Il mio modello di intellettuale è simile all’idea del cristiano secondo la teologia antica, di un essere umano che è nel mondo ma non è del mondo. Mentre invece, troppo spesso, l’intellettuale è troppo del mondo ma anche fuori del mondo. Molti intellettuali impegnatissimi nel sociale sono infatti semplicemente fuori del mondo, anche nel senso che ignorano molte cose di cui parlano. Seguono schemi concettuali, non capiscono e non vogliono capire la complessa realtà che li circonda.

Ma allora, se non spero di convincere gli altri sul tipo di relazioni umane che preferisco, a cosa serve scrivere, esprimersi?

 

Credo che bisogna pubblicare per fare pubblicità alla propria forma di vita.

Ovvero, l’intellettuale può cercare di rendere convincente la preferibilità del proprio modo di vedere le cose. Porta esempi e prospettive che possano allettare gli altri, e quindi persuaderli. E questo non solo con saggi teorici, ma anche attraverso romanzi, video, poesie, atti pubblici… Chi crea opere non detiene la dimostrazione definitiva dell’eccellenza della propria visione, ma può dare il buon esempio. Non gli basta ragionare bene, deve anche far propaganda al proprio modo di vivere e di vedere le cose. Non basta argomentare per persuadere. Deve rendere appetibile la propria forma di vita, farle réclame. Nel mio caso, pubblicizzare una società liberal-democratica. È l’unica vera arma nelle mani di chi ha studiato e scrive.

 

Note

 

[1] Va detto che la frase è apocrifa, Voltaire non l’ha mai pronunciata, pare. Ma rende bene la sua visione.

[2] Contrariamente a quel che dice una certa propaganda, la povertà assoluta arretra a poco a poco in tutto il mondo. È vero però che i paesi più poveri sono anche quelli più prolifici, quindi oggettivamente nascono più poveri che ricchi. È un paradosso che i demografi conoscono benissimo.

[3] Secondo il Quality of Life Index del 2022 del World Population Review, tra i primi 12 paesi (su 87) per qualità della vita, figurano 10 paesi del Centro e Nord Europa (Svizzera, Danimarca, Paesi Bassi, Finlandia, Islanda, Germania, Austria, Norvegia, Svezia, Estonia), l’Australia e la Nuova Zelanda.

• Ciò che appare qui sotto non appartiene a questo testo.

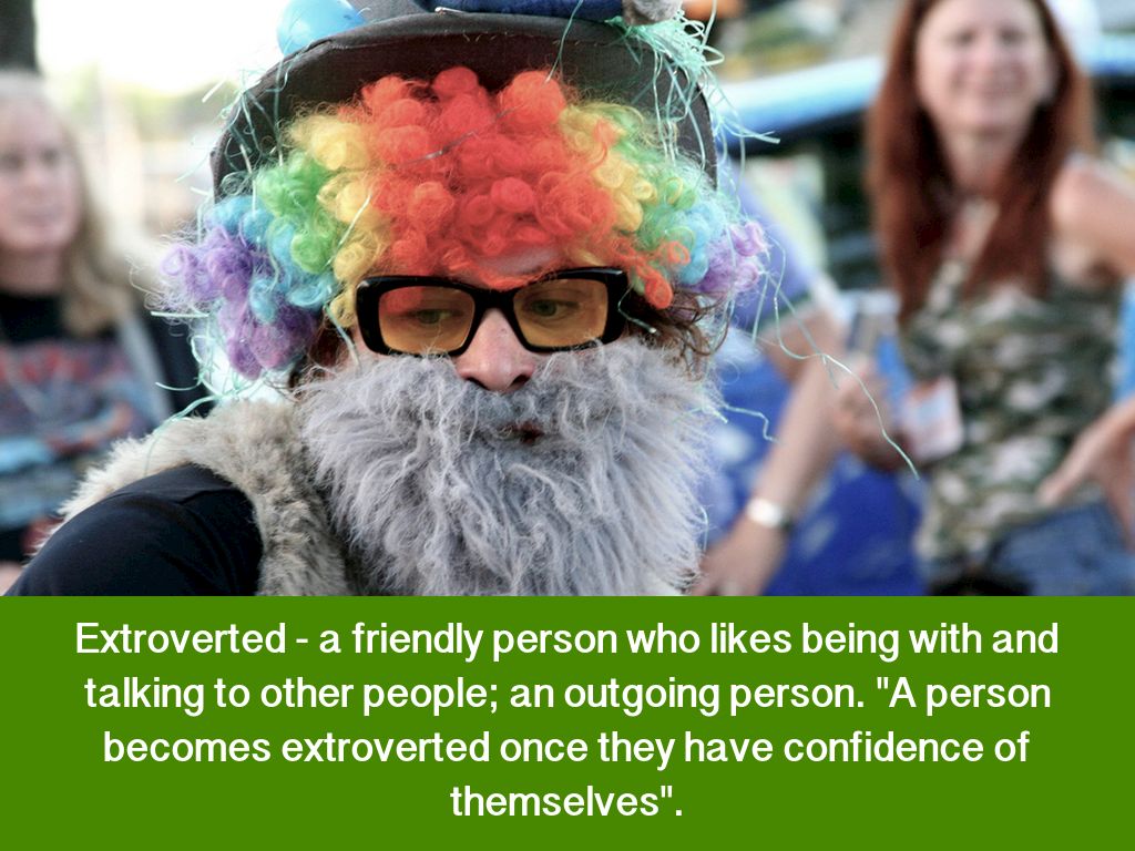 Extroverted - a friendly person who likes being with and talking to other people; an outgoing person. "A person becomes extroverted once they have confidence of themselves".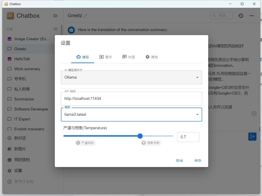 下载安装后,进入设置,配置使用本地ollama的llama3模型,之后就可以愉快的聊天了。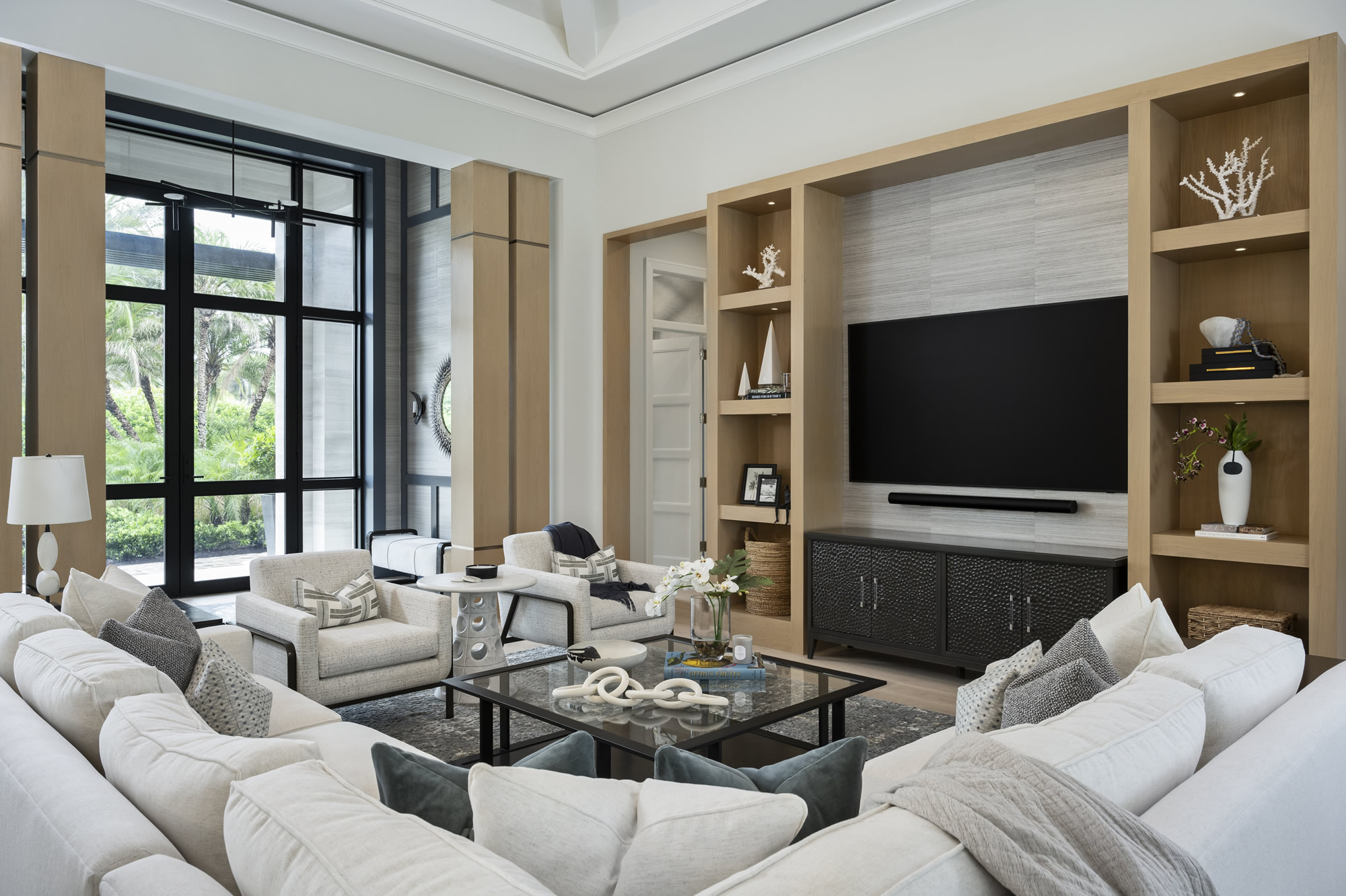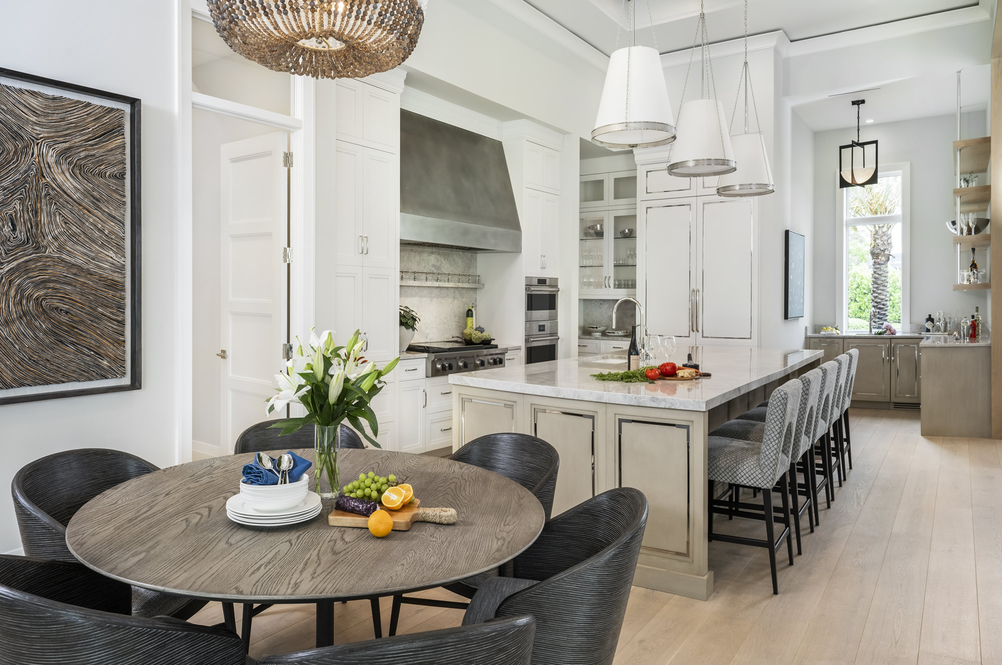 Bathed in natural light and defined by soaring ceilings, exquisite millwork, and refined organic finishes, this meticulously designed offers unmatched elegance and craftsmanship. At the heart of the home, a chef’s kitchen boasts custom floor-to-ceiling Ruffino Custom Cabinetry, a massive island ready for cooking prep and gathering, a wet bar with wine storage, and a thoughtfully placed morning bar—perfect for everyday luxury and entertaining.

Ovviamente si potrà sempre dire che questa classifica è stata fatta privilegiando categorie e criteri nord-europei.

[4] Non abbiamo più società liberiste pure, le società capitaliste – sopratutto europee – hanno integrato forme di socialismo: il welfare state, l’intervento talvolta massiccio dello stato nell’economia (come durante la crisi del Covid), l’istruzione obbligatoria e semi-gratuita per i giovani, in molti paesi il salario minimo, l’assistenza sanitaria pubblica, le pensioni di invalidità, gli assegni familiari, ecc.

[5] Google, Apple, Facebook, Amazon, Microsoft. Le aziende di punta dell’industria di punta oggi, legate all’informazione e a internet.

2 thoughts on “Fare una scelta politica? A cosa serve esprimersi

  1. In altre parole, affermo che le mie preferenze politiche sono infondate. Non hanno fondamento filosofico. Ma mi pare interessante analizzare filosoficamente questa infondatezza. D’altro canto, delle altre idee politiche respingo la loro pretesa di essere fondate. Affermare che tutte le opzioni politiche sono filosoficamente infondate è, a mio avviso, una conquista filosofica.
    Fa piacere trovarlo scritto chiaro e preciso. Sono totalmente d’accordo.
    Grazie per l’articolo.

  2. I neo-liberali hanno questa tranquilla sovrastima di sé perché sono neo-liberali o sono liberali perché hanno questa sovrastima di sé?